DIRECTIONS FOR THIS TASK: Look through the data below and, wherever a line carries the word "your", please copy that line.

DATASET EXCERPTS:
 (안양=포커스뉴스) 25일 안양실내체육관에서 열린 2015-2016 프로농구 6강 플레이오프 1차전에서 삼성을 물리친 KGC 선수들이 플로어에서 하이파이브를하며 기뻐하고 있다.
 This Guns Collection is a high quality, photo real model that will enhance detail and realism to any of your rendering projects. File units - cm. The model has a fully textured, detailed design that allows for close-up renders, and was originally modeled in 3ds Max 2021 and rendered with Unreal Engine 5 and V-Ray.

---

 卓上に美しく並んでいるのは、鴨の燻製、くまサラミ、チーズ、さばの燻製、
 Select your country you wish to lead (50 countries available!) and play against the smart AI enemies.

COMPLETED EXERCISE:
 This Guns Collection is a high quality, photo real model that will enhance detail and realism to any of your rendering projects. File units - cm. The model has a fully textured, detailed design that allows for close-up renders, and was originally modeled in 3ds Max 2021 and rendered with Unreal Engine 5 and V-Ray.
 Select your country you wish to lead (50 countries available!) and play against the smart AI enemies.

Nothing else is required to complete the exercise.